▶ **Your instructions**: Drop the images. Copy every line below character for character.

▶ **Given information**:
=== Begin Enclosure ===
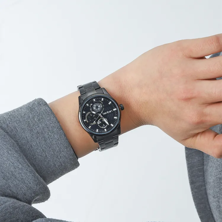 Черный корпус с черным циферблатом - черный стальной браслет
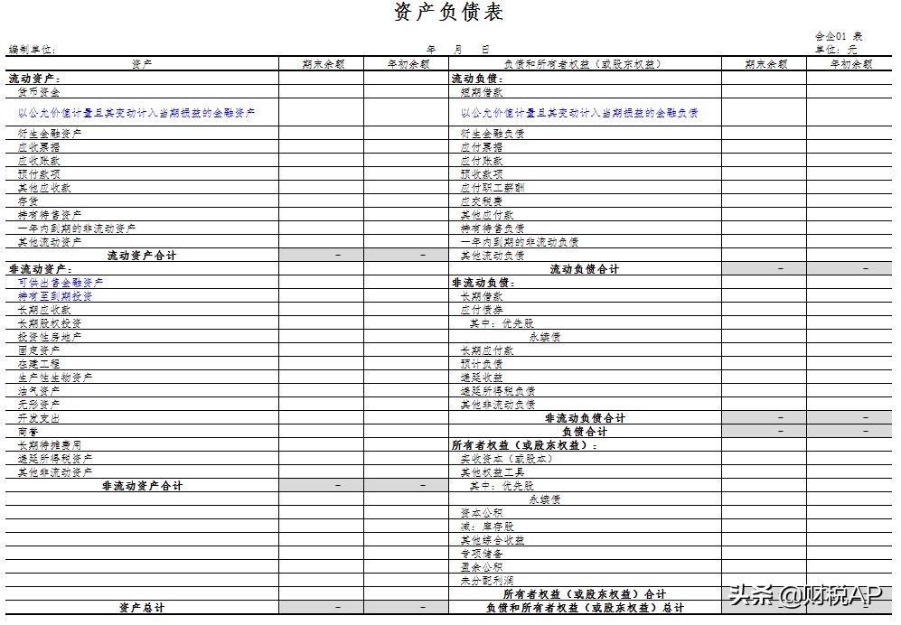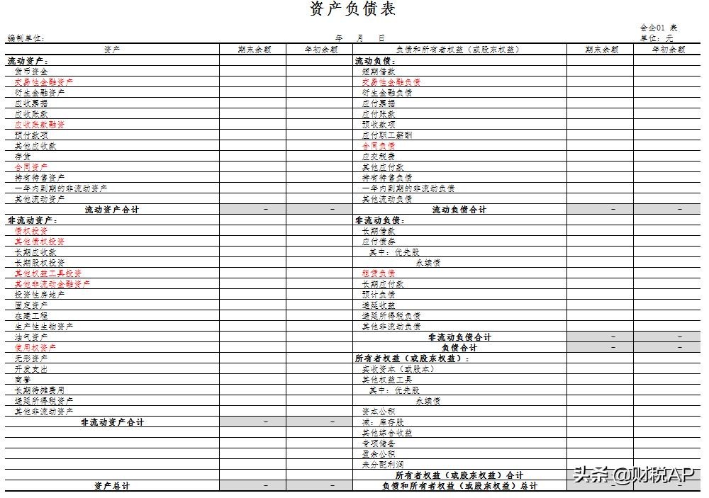 资产负债表(除蓝红标注项目外,其他项目相同)
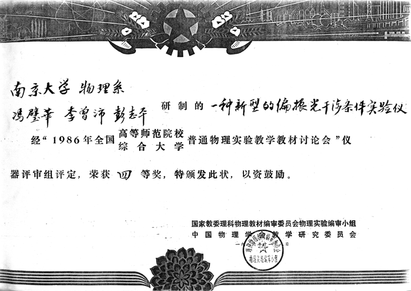 一种新型的偏振光干涉条件实验仪 荣获 全国高等师范学院综合大学普通物理实验教学教材讨论会仪器评审四等奖(国家教委理科物理教材编审委员会物理实验编审小组中国物理学会教学研究委员会)
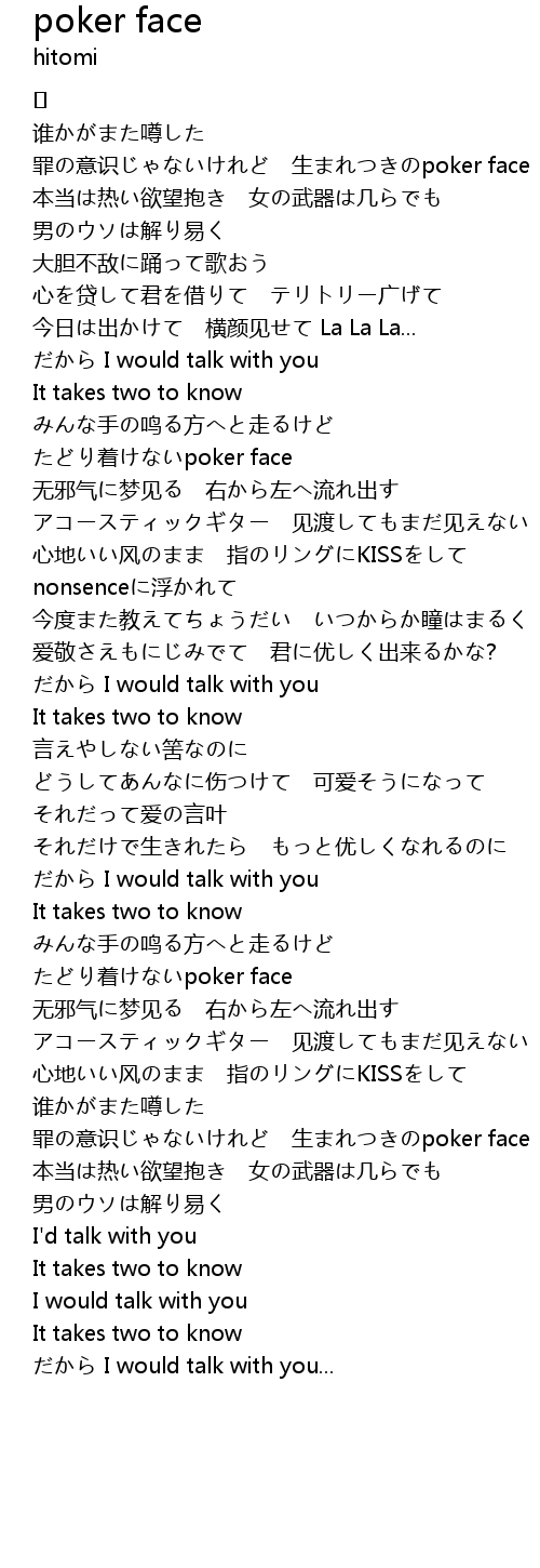 | 罪の意识じゃないけれど 生まれつきのpoker face | |
=== End Enclosure ===
▶ **The completed task**:
 Черный корпус с черным циферблатом - черный стальной браслет
 资产负债表(除蓝红标注项目外,其他项目相同)
 一种新型的偏振光干涉条件实验仪 荣获 全国高等师范学院综合大学普通物理实验教学教材讨论会仪器评审四等奖(国家教委理科物理教材编审委员会物理实验编审小组中国物理学会教学研究委员会)
 | 罪の意识じゃないけれど 生まれつきのpoker face | |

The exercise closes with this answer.